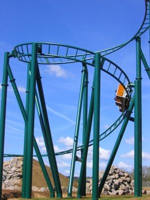 La montaña rusa de acero se extiende por 532 metros con una altura de 17,5 metros a través del Parque Salvaje y de Ocio Klotten.
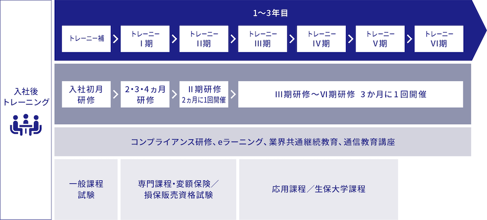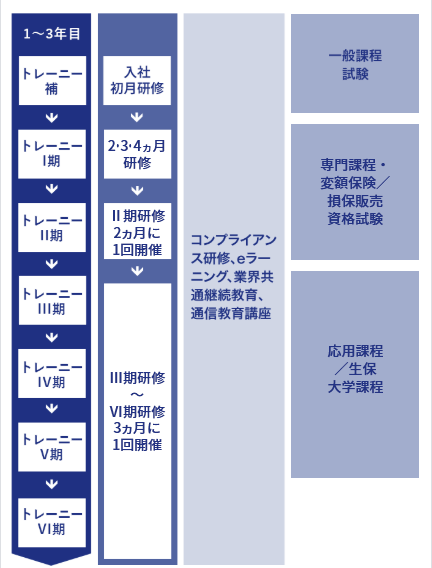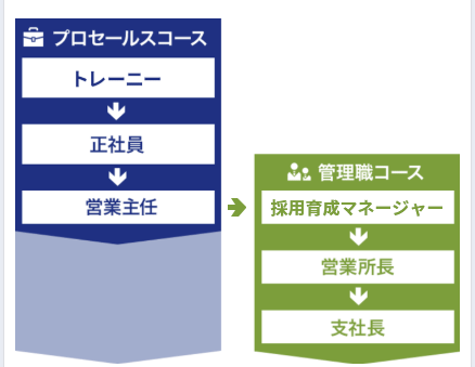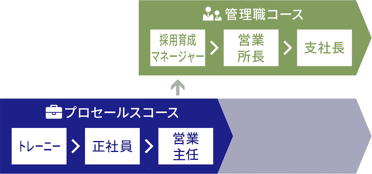 また、一定基準を満たして本人の意思と適正を見極め、採用育成マネージャー・営業所長・支社長へと管理職に登用される道も拓かれています。
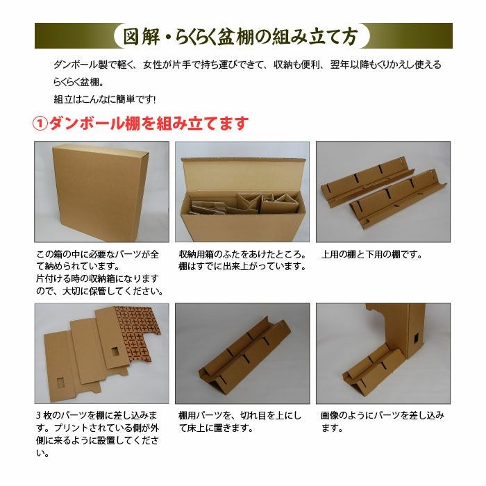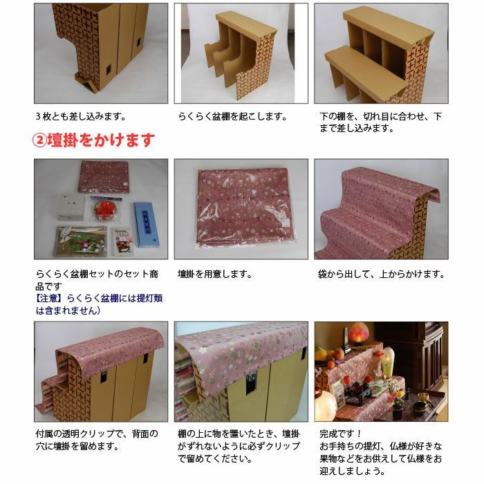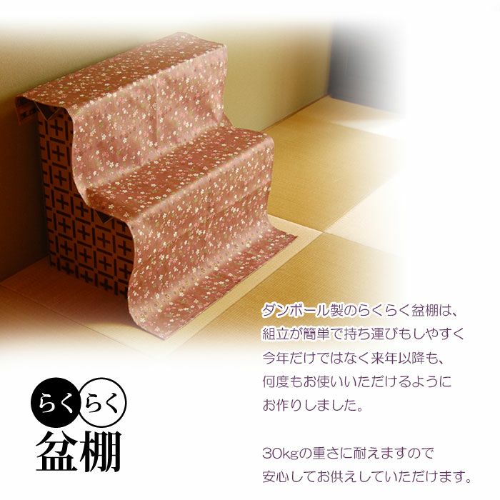 他の画像を見る 【ネットショップ限定価格!】らくらくお盆セット ダンボール製の盆棚はじめ全部で7点のお盆商品をセットにしました! 送料無料 税込価格 ¥ 29,700 税込 在庫切れ 詳細を見る お気に入りに登録する
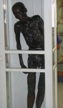 它被放在博物馆中尤为突出的显眼位置,眼窝被掏空,躯体上几个刽子手留下的弹孔触目惊心。
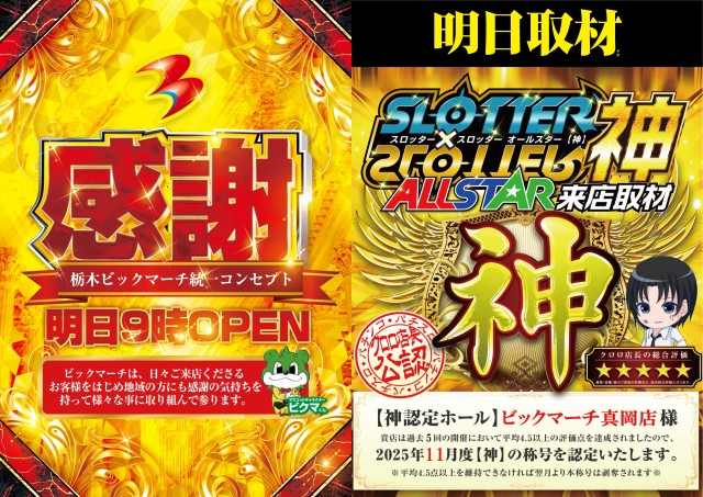 本日"11月13日"栃木ビックマーチ全店一斉9時OPEN
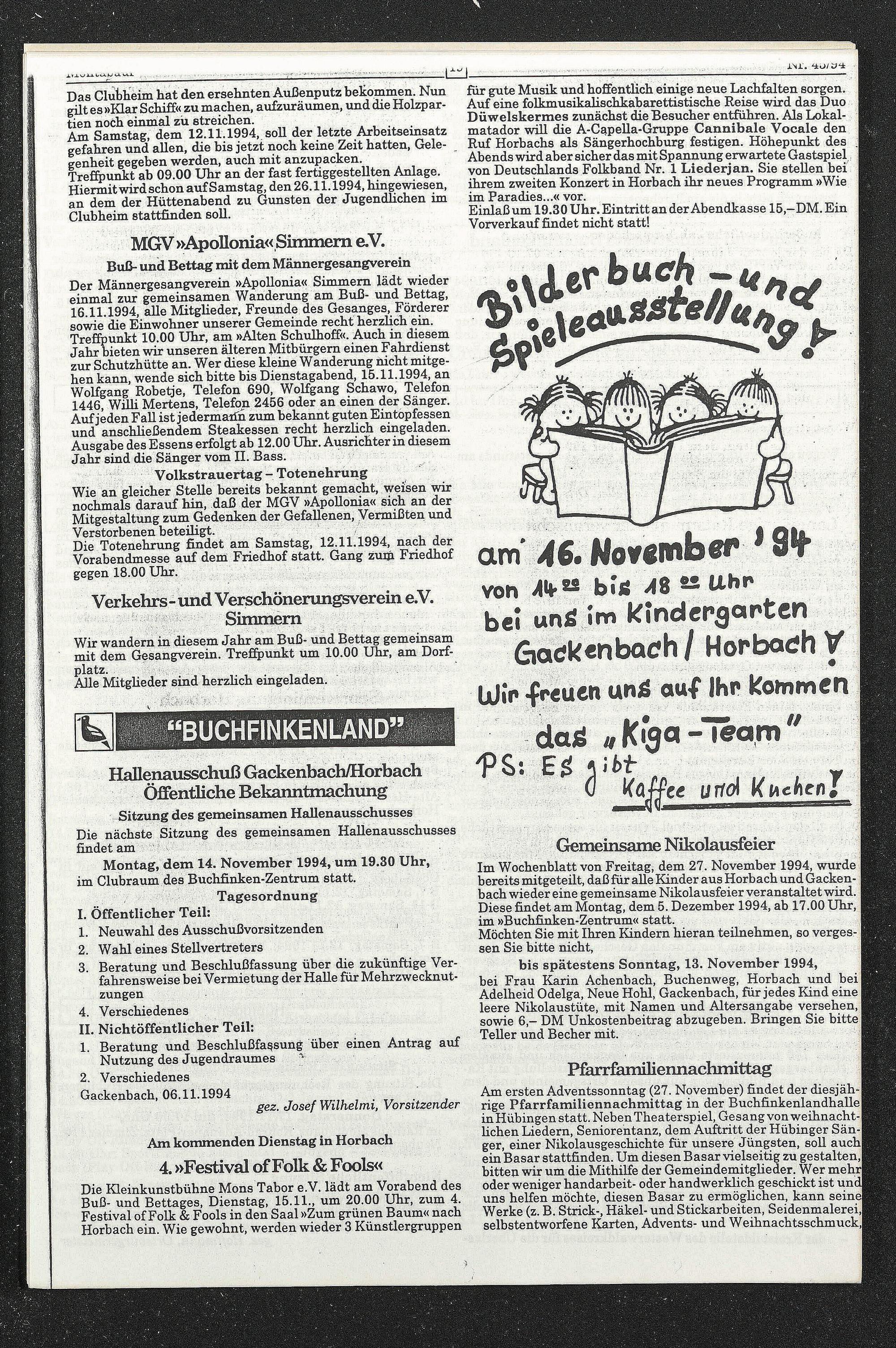 Im Wochenblatt von Freitag, dem 27. November 1994, wurde bereits mitgeteilt, daß für alle Kinder aus Horbach und Gackenbach wieder eine gemeinsame Nikolausfeier veranstaltet wird. Diese findet am Montag, dem 5. Dezember 1994, ab 17.00 Uhr, im »Buchfinken-Zentrum« statt.

= = = =

-- To do --
Without including any pictures, set down word for word every line from the one containing "它被放在博物馆中尤为突出的显" through the last line of the material.

-- Answer section --
 它被放在博物馆中尤为突出的显眼位置,眼窝被掏空,躯体上几个刽子手留下的弹孔触目惊心。
 本日"11月13日"栃木ビックマーチ全店一斉9時OPEN
 Im Wochenblatt von Freitag, dem 27. November 1994, wurde bereits mitgeteilt, daß für alle Kinder aus Horbach und Gackenbach wieder eine gemeinsame Nikolausfeier veranstaltet wird. Diese findet am Montag, dem 5. Dezember 1994, ab 17.00 Uhr, im »Buchfinken-Zentrum« statt.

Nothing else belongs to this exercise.